Steady streaming flow induced by active biological microstructures; application to small intestine villi

Physiological transport of fluid at small scales is often achieved by microscopic active fingerlike structures. It is recognized that they have to move in a non-symmetric fashion in order to break the symmetry of creeping flow and to induce a net movement of the fluid. However, in the limit of low, but non-vanishing, Reynolds number, irreversible flow on long time scales could also be generated by symmetric oscillations of these microstructures. Inspired by small intestine villi, we reported three dimensional direct numerical simulations of the irreversible part of the flow, namely steady streaming flow (SSF), generated by an array of oscillating fingerlike structures. In order to capture these second order flow phenomena, the algorithm was based on a combination of lattice-Boltzmann methods with two relaxation times and the smoothed profile method. SSF was confined inside a steady viscous boundary above the villi. Two steady vortices at the tip of the villi characterized this flow which induced mass transfers between the bulk and the periphery. Strikingly, the spatial extension of these vortices was not solely governed by the Stokes boundary layer but also by the lateral confinement between the villi. Moreover, secondary vortices outside the steady boundary layer were also observed. These findings were rationalized in a state diagram showing three regimes of SSF. Finally, orders of magnitude showed that SSF should contribute to the transport of particles, such as bacteria or nano-particles, on a layer a few hundred micrometers above the villi and on a time scale of few minutes.

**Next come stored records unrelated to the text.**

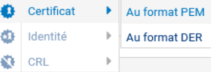 Identité : l'identité, puisqu'elle contient une clé privée, est sensible et son export doit être protégé par un mot de passe, lequel permet de chiffrer la clé privée qu'il contient. L'identité est pour rappel constituée de la clé privée du porteur, de son certificat (qui contient sa clé publique), et des certificats de la chaîne de confiance. Le fichier d'export est un container .pem ou un container PKCS#12 (ou .p12).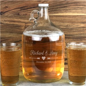 .Engraved Arrows and Heart Wedding Glass Growler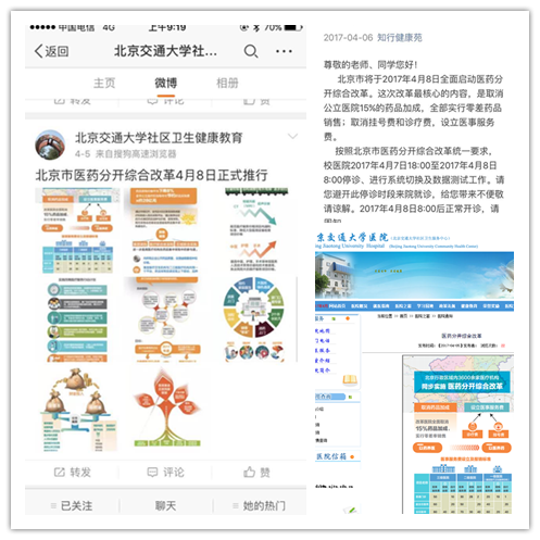 医院网站信息报送,相关政策解读、培训等与医改相关新闻皆发布于此。医院官方微博、官方微信以图文形式,简介明确的解读政策。医院注重用职工和群众听得懂、记得住的语言,通过措施办法讲清楚,夯实深化医改的民意基础,营造健康积极地舆论氛围。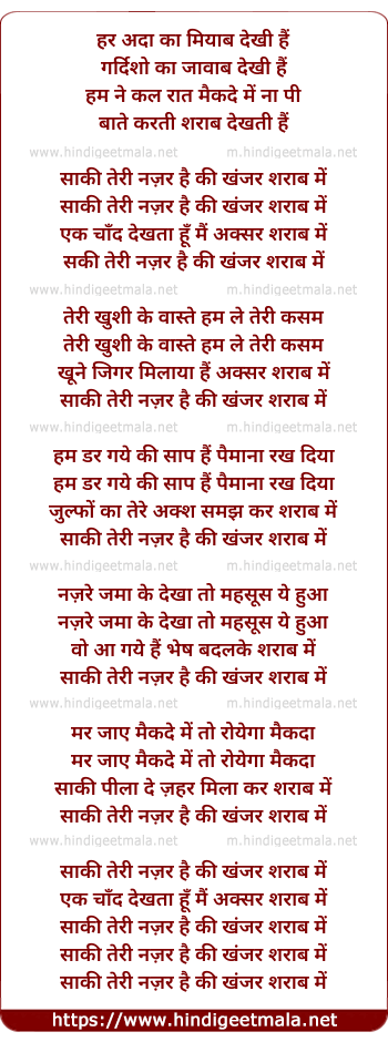Lyrics of Saqi Teri Nazar Hai Ke Khanjar Sharab Mai - हर अदा का मियाब देखी हैं
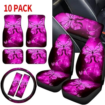 Amazon Com Cozeyat Purple Butterflies Seat Covers Rubber Car Floor Mats Auto Center Console Pad Cover Car Belt Strap Cover Steering Cover Universal Seat Covers 10 Piece Automotive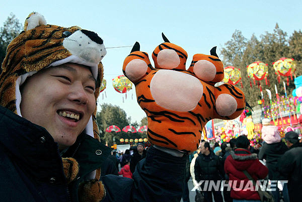 2月13日,一位年輕人戴著“虎帽”和“虎爪”在北京地壇公園逛廟會(huì)。新華社發(fā)(陳曉根 攝)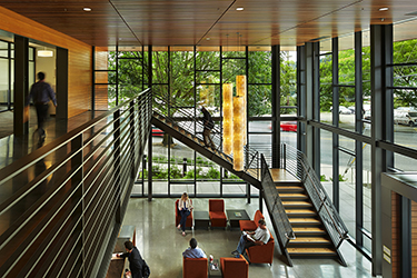 Most of the length is filled with flexible classrooms and office space. However, “There are a couple of key moments,” said Franko. One of those “moments” — breaks in the repetitive pattern of the outer walls — is the entrance. One-story glass walls wrap around the building and the lobby inside, framed by projecting walls and ceiling. The walls inside are paneled with warm cedar, and the same material lines those walls as they project outward around the entrance.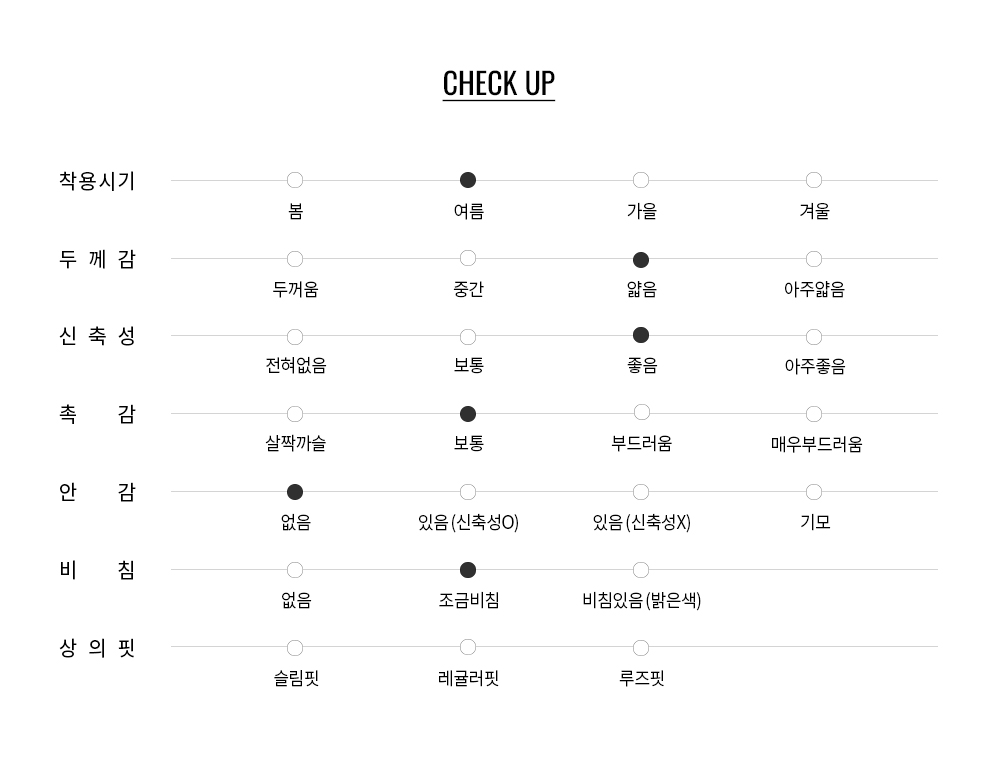 성글하게 짜인 텍스처가 특징이며 피부에 닿는 드라이한 터치감으로 무더운 날씨에도 쾌적함을 유지해주며, 은은하게 비치는 시어한 질감이 레이어링의 즐거움을 더해줍니다.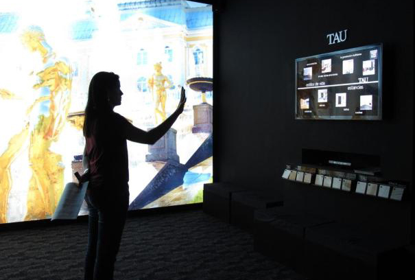 El sistema informático desarrollado consta de un punto de venta sin contacto con una pantalla de 50 pulgadas controlado por un dispositivo tipo Microsoft Kinect. Este sistema permite que sin que el usuario toque ningún elemento del punto de venta, e incluso utilizando piezas reales con etiquetas QR-CODE, éste pueda visualizar la colección de piezas cerámicas de la empresa TAU Cerámica basada en imagen de fotorealística.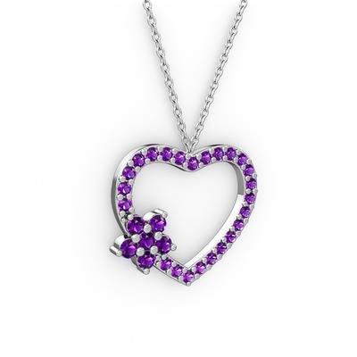 Ametist 8 ayar beyaz altın kolye (40 cm beyaz altın rolo zincir)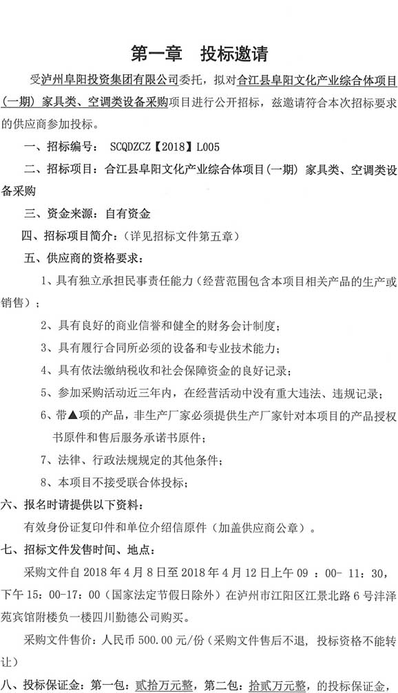 投標邀請:合江縣阜陽文化產業(yè)綜合體(一期)項目家具類、空調類設備采購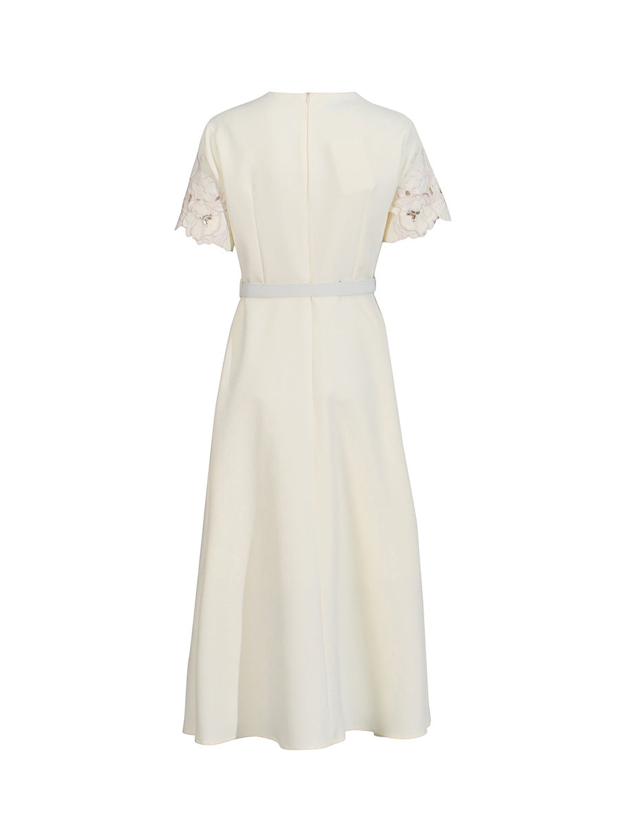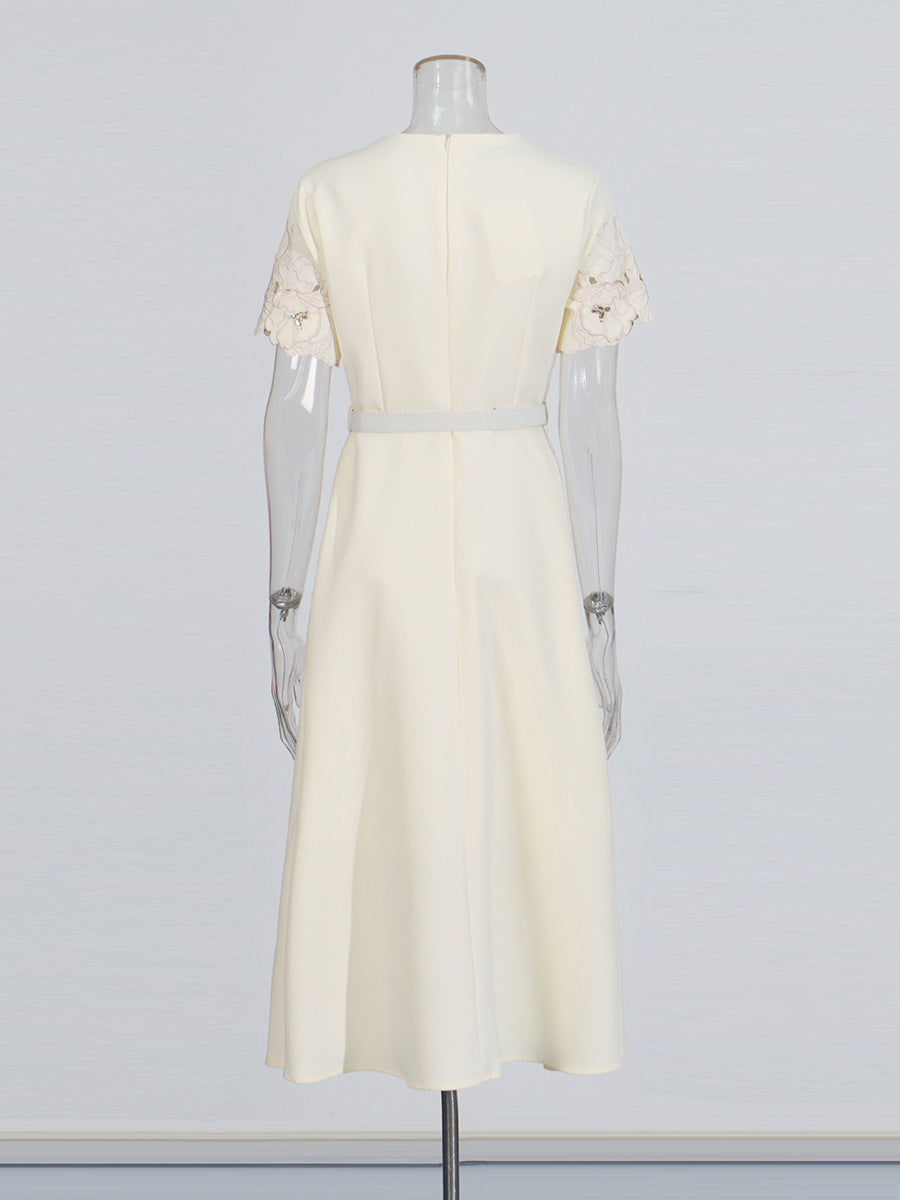 Temperament Famous Style Dress 2025 Summer New Nail Drill Three-Dimensional Flowers Hollow Waist Thin Dress

Published under an exclusive license by AIP Publishing.

Automated summary

Physiological transport of fluid at small scales is often achieved by microscopic active fingerlike structures that induce non-symmetric flow to break the symmetry of creeping flow. However, symmetric oscillations of these microstructures can also generate irreversible flow on long time scales. Three-dimensional simulations showed that steady streaming flow (SSF) generated by oscillating fingerlike structures can induce mass transfers between the bulk and the periphery, with vortices at the tip of the villi playing a key role. Additionally, secondary vortices outside the steady boundary layer were observed, indicating the complexity of the flow phenomena.